The projects mark the first time that MSF has carried out a large-scale SMC programme. Starting in July and continuing until October, to cover the period of high malaria transmission, 165,000 children in Mali and 10,000 in Chad take a total of three tablets of amodiaquine and one of sulphadoxine/pyrimethamine over a three-day period once every month. Children who are ill at the time of a distribution, and who test positive for malaria, receive artemisinin-based treatment and are excluded from that month’s distribution.

The areas where the programme is being carried out were tested for resistance to the SMC drugs before starting, and no resistance was discovered among the representative sample tested. Further resistance surveys will be conducted periodically in Koutiala and Moïssala.

In Mali, MSF teams observed a 65 per cent drop in the number of simple malaria cases in the weeks following the distribution of treatment. Additionally, the number of people admitted to hospital for reasons associated with malaria plummeted from an average 247 per week to 84. In southern Chad, results were equally encouraging: in two health zones in Moïssala, the number of simple malaria cases decreased by between 72 and 86 per cent compared to the number recorded in the weeks prior to the first SMC distribution.

"This prevention strategy could be an extraordinary public health tool, particularly for protecting children, who account for the vast majority of malaria deaths,” said Dr Lasry. “We can draw on our projects in Chad and Mali to assess the feasibility of employing this strategy in other contexts.”

Additional malaria prevention methods, such as bed net distributions, insecticide spraying, and adequate diagnosis and management of malaria must continue to be supported and implemented in endemic countries, MSF said.

According to the WHO, an estimated 650,000 people die from malaria every year. Ninety per cent of cases occur in sub-Saharan Africa, mainly among young children.

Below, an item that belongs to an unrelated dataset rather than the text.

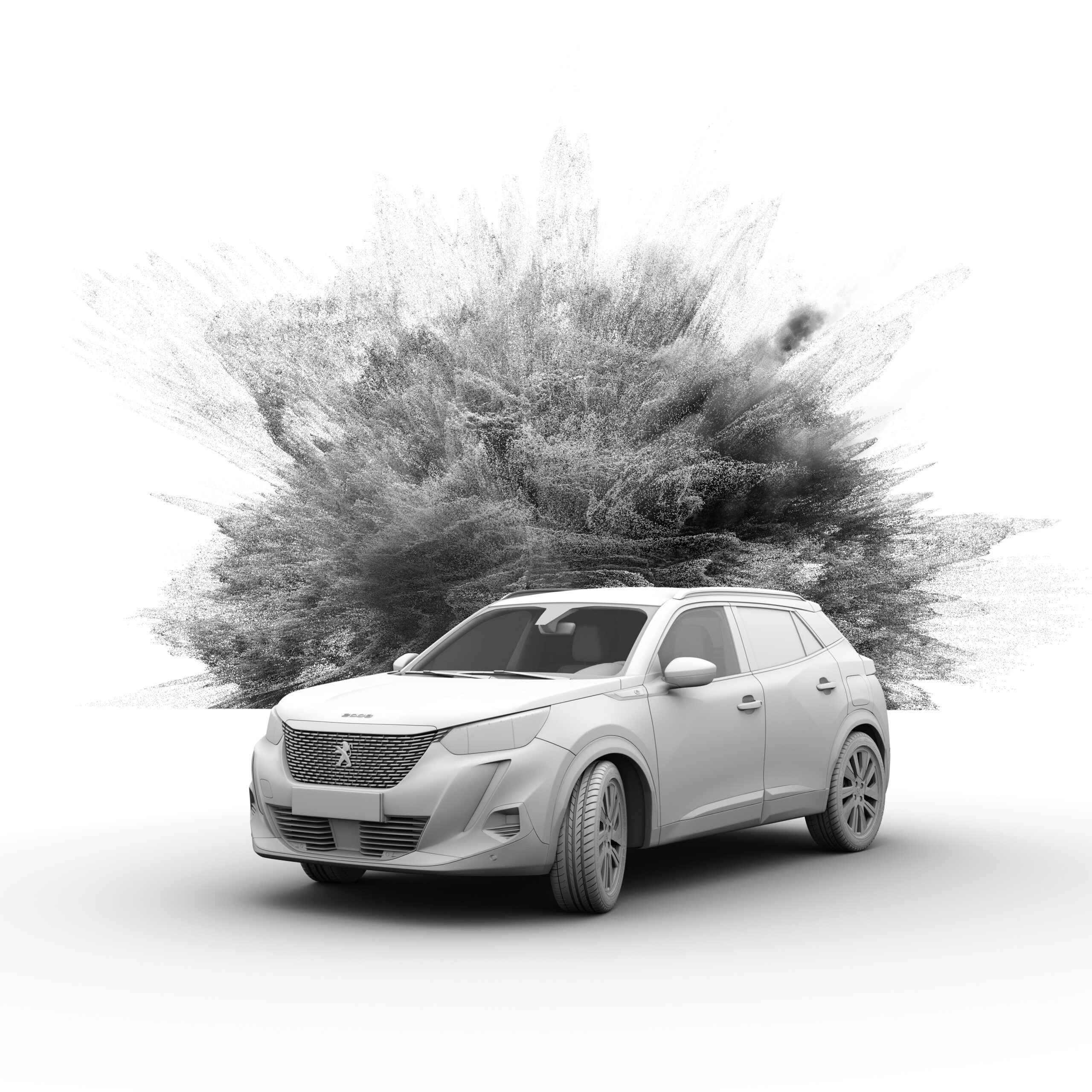 Cette série d’images met en scène un véhicule Peugeot entièrement réalisé en CGI, éclairé en conditions studio, dans une approche packshot volontairement maîtrisée et précise.

MSF is running programmes for the treatment and prevention of the most deadly diseases in young children in Mali and Chad. Since the beginning of 2012, more than 12,000 people have been treated for malaria as outpatients and 3,500 sick and/or severely malnourished children have been hospitalised in Koutiala district in southern Mali. In the Moïssala district in Chad, more than 18,000 people have received malaria treatment in MSF-supported facilities or from non-medical village health workers who have been trained by MSF.